Die Ursache für die massive Kostensteigerung liegt in der aktualisierten Prognose des Bundesverkehrsministeriums über künftige Güterverkehrszahlen, derzufolge nachts abschnittsweise bis zu neun Züge auf der Strecke unterwegs sein werden. Obwohl die DB AG davon ausgeht, dass diese Zugzahlen nicht erreicht werden, muss nun der Lärmschutz mit einem Aufwand von rund 30 Mio. Euro auf diese Prognose hin ausgelegt werden. Demnach sind auf Grund aktueller Schätzungen auf einer Gesamtlänge von mehr als 17 Kilometern Schallschutzwände zu errichten. Zusätzliche Planungen wurden in den Bereichen Oberleitung, Oberbau und Signalanlagen notwendig. Die aktualisierte Prognose, verschärfte Vorschriften und detaillierte Gutachten hatten schließlich zur Folge, dass die ursprüngliche Kostenkalkulation aus dem Jahr 2007 nicht zu halten war.

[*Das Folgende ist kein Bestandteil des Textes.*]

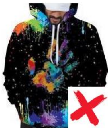
Hoodies with logos or designs are not allowed
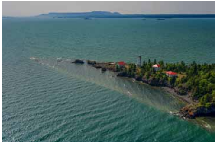
Porphyry Island Light House east of Thunder Bay's Sleeping Giant.

The TCT LSWT is being connected to American water trails around Lake Superior in Minnesota, Wisconsin, and Michigan. Together these trails form a unique bi-national system of water trails that revitalizes the ancient highway linking water, land and communities along the Lake Superior Heritage Coast. These trails create an “Appalachian Trail of water trails”. This waterway provides an opportunity to experience the earth’s greatest expanse of freshwater first-hand.

Landtagsvizepräsident Bocklet wies in diesem Zusammenhang auch auf die Gefahr hin, dass die von der Schweiz zur Verfügung gestellten 50 Mio. Euro verfallen, wenn die Elektrifizierung der Strecke München-Lindau nicht bis zum Jahr 2020 zustande kommt und forderte eine schnellstmögliche Schließung der Finanzierungslücke. Von Seiten der Bahn wird nun betont, dass „die gewünschte Inbetriebnahme 2019 … nochmals durch ein externes Expertenteam intensiv geprüft“ worden sei, dass sich jedoch „der hierfür erforderliche Bauablauf nur mit sehr großen Risiken und erheblichen betrieblichen Einschränkungen des Zugverkehrs im gesamten Allgäu darstellen lasse“. „Daher gehen wir weiterhin von einer, auf realistischen Prämissen beruhenden Inbetriebnahme im Jahr 2020 aus“, heißt es in dem Schreiben des Konzernbevollmächtigten Josel wörtlich.

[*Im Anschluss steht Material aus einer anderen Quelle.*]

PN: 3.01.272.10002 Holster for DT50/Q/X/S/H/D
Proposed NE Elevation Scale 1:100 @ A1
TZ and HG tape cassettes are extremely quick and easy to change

Nach der Einigung zwischen Bund und Freistaat kann nun mit der Entwurfs- und Genehmigungsplanung begonnen werden. Die Entwurfsplanung startet mit der Umweltplanung, Vermessung und vertiefenden Baugrunduntersuchung. Die Durchführung der Kartierung vor Ort ist ab August geplant. Die Baugrunduntersuchung beginnt im Juni. In diesem Monat wird auch die Entwurfsvermessung der Bahnhöfe, Bahnübergänge und Straßenüberführungen in Angriff genommen. Die Aufnahme eines digitalen Geländemodells soll über ein Flächenscanning aus der Luft erfolgen. Nach Abschluss der Genehmigungsplanung sollen die Planfeststellungsverfahren abschnittsweise ab dem 1. Halbjahr 2015 eingeleitet werden.